Wenn Ihre Pflanzen sich nach etwa einem Tag ausreichend vom Versand erholt haben, so ist es das Beste, wenn Sie sie nun am geeigneten Standort einpflanzen. Dabei sollte die Oberkante des Wurzelballens bündig mit der Erdoberfläche sein, also auch keine unteren Teile des Austriebs `verbuddelt´ werden, aber dennoch das Wurzelwerk vollständig im Erdreich eingebracht sein. Nach dem Einpflanzen noch gut angießen und auch - besonders an warmen Tagen - immer ausreichend mit Wasser versorgen. Sind die Pflanzen bald eingewurzelt und angewachsen, ist diese Achtsamkeit in dem Umfang nicht mehr nötig. Bei Pflanzung von Stauden im späten Jahr sollte man diese dagegen nicht zu nass halten, denn Winterkälte in Verbindung mit Winternässe kann zu Fäulnis führen, und die Pflanze hat in Ermangelung ihres Blattwerks und der daher stark eingeschränkten Transpiration auch gar keine Verwendung mehr für so viel Wasser.

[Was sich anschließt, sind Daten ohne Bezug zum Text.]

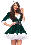 Deluxe Velvet Christmas Dress Hooded Female Santa Claus Costume Women Sexy Green Xmas Party Dress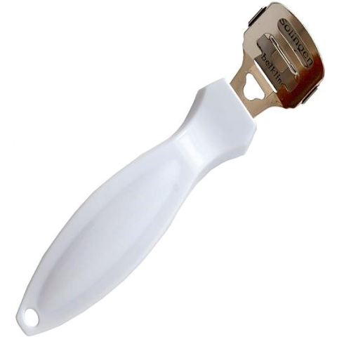 Talpgyalu - elszírusodott bőrhöz, kétoldalú, otthoni és professzionális használatra, a borotvapengék cserélhetők, műanyag fogantyú, hossza 16 cm Ez a lábon lévő megkeményedett bőr kezelésére szolgáló eszköz otthoni és professzionális használatra készült. A DUKAS sarokvágó megfordítható, lehetővé teszi a pengék cseréjét, és műanyag fogantyúval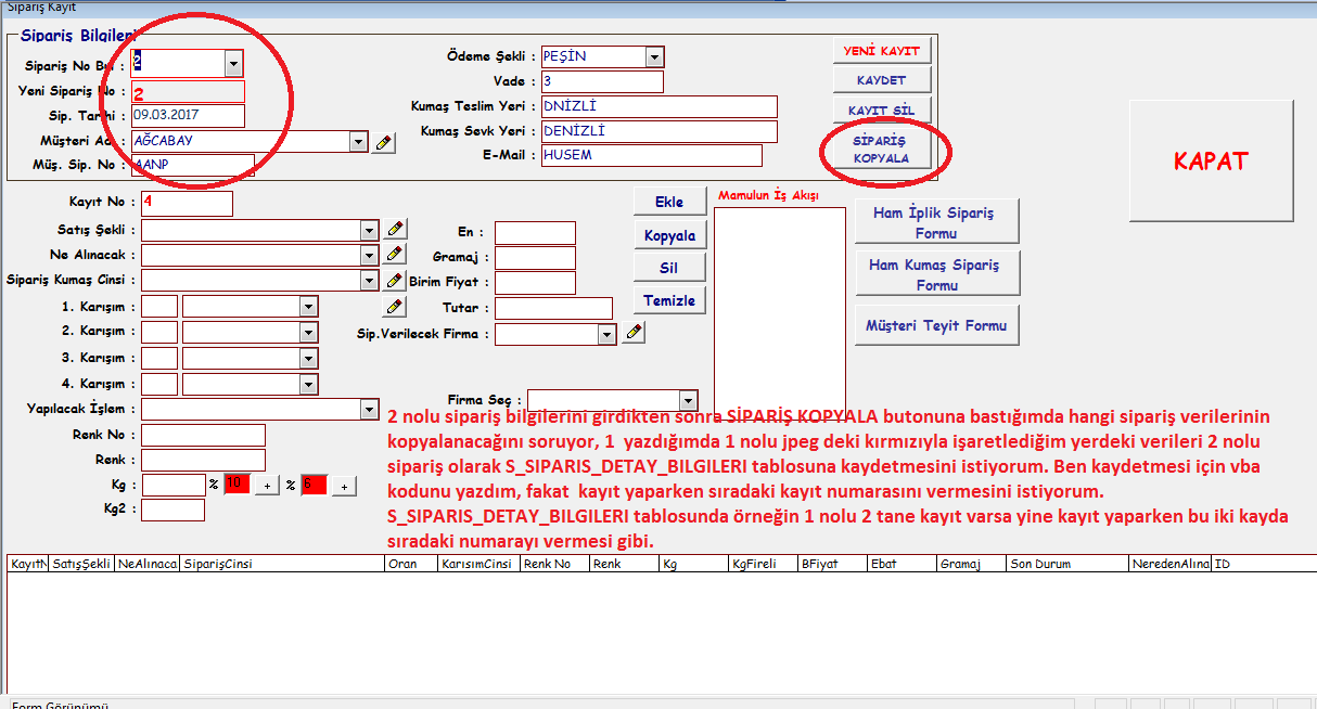 örneğin 2 nolu siparişe ait verileri girdikten sonrak SİPARİŞ KOPYALA butonuna bastığımda bana hangi siparişe ait verilerin kopyalanacağını soruyor, ben burada 1 yazınca bana 1 nolu siparişteki verileri 2 nolu sipariş olarak S_SIPARIS_DETAY_BILGILERI tablosuna kaydediyor,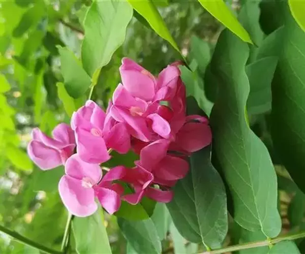 毛洋槐(学名:Robinia hispida L.)是豆科,刺槐属落叶灌木,高1-3米。幼枝密被紫红色硬腺毛及白色曲柔毛,二年生枝密被褐色刚毛,叶轴被刚毛及白色短曲柔毛,上有沟槽,小叶5-7(-8)对,椭圆形、卵形、阔卵形至近圆形。总状花序腋生,花3-8朵,苞片卵状披针形,花萼紫红色,斜钟形,花冠红色至玫瑰红色,花瓣具柄,旗瓣近肾形。雄蕊二体,花药椭圆形,子房近圆柱形,密布腺状突起,沿缝线微被柔毛,柱头顶生,胚珠多数,荚果线形,果颈短,有种子3-5粒。花期5-6月,果期7-10月。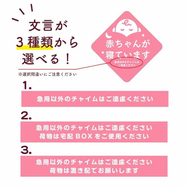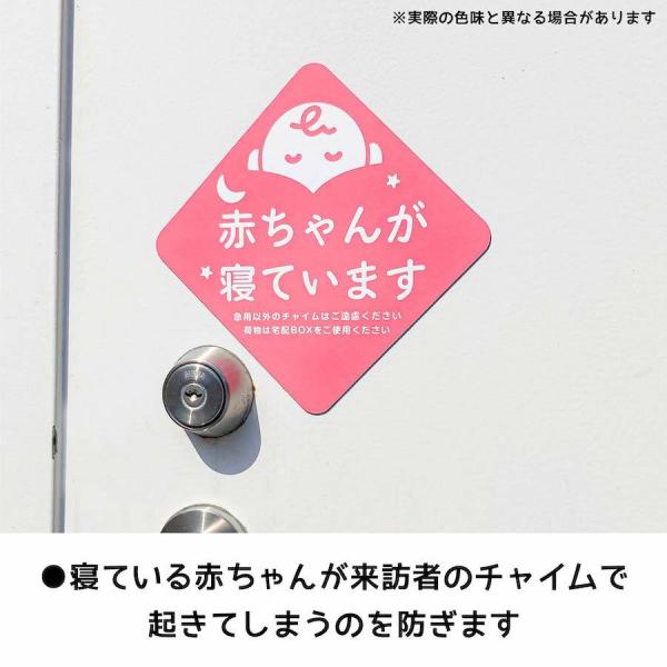 インターホンの近くや玄関扉に貼って、寝ている赤ちゃんが来訪者のチャイムで起きてしまうのを防ぎます。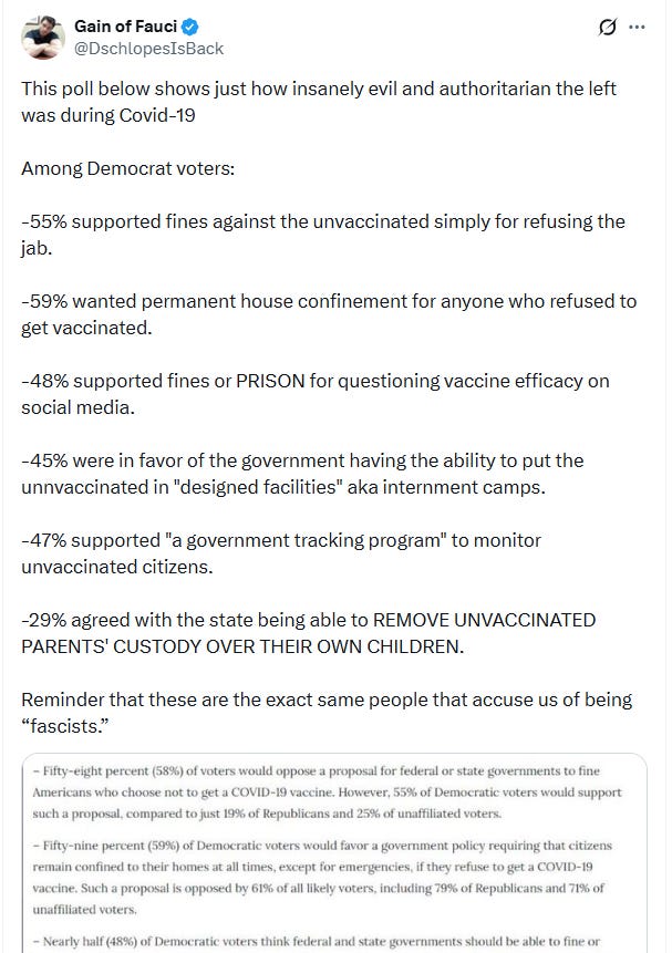 This poll below shows just how insanely evil and authoritarian the left was during Covid-19.

Tipps zur weiteren Pflege Ihrer Stauden:
Schon in der  Wachstumsphase, noch bevor es zur Blüte kommt, kann ein teilweises oder gänzliches Einkürzen der Triebe die Standkraft und Üppigkeit der Pflanze verbessern. In den meisten Fällen verzweigen sich zurückgeschnittene Triebe noch einmal, so dass der Wuchs buschiger wird. Nachdem die erste Blüte noch nicht ganz vorbei ist, schneidet man die Blütenstände noch einmal zurück, und erhält so häufig nochmal eine Verlängerung der Blütezeit, denn für die Pflanzen ist das eigentliche Ziel ihrer Blüte, die Samenbildung, somit noch nicht erreicht, und sie machen einen weiteren Versuch, indem sie neue Blüten treiben. Sie können auch regelmäßig einzelne verblühte Blütenstände herausschneiden. Bevor der Winter kommt, schneiden Sie ebenso noch einmal Ihre Stauden zurück. Dies tun Sie am besten, noch bevor die Samenbildung einsetzt, denn diese ist kraftraubend für die Pflanzen und verringert ihre Reserven, um gut durch den Winter zu kommen (ausgenommen sind Stauden, deren Samenstände üblicherweise als attraktive Struktur für den winterlichen Garten stehengelassen werden, oder in Fällen, wo Sie eine Versamung der Staude wünschen). Bei einigen wenigen Stauden, wie z.B. dem Pampasgras (Cortaderia selloana) ist Rückschnitt vor dem Winter kontraproduktiv, denn dann läuft Wasser in die Hohlräume der Stengel bis unten in die Pflanze hinein, wo es zusammen mit dem Frost einen tiefgehenden Schaden verursacht. Hier bindet man besser die Pflanze zusammen und gibt Winterschutz mit geeignetem Vlies zum Umpacken oder Abdecken mit Tannengrün. Solche Maßnahmen zum Winterschutz der vorher zurückgeschnittenen Stauden sind auch dann sinnvoll, wenn Pflanzen eher empfindlich auf die Winterkälte/-nässe reagieren oder wenn Pflanzen erst kurz vor dem Winter gepflanzt wurden und nicht mehr viel Zeit hatten, einzuwurzeln.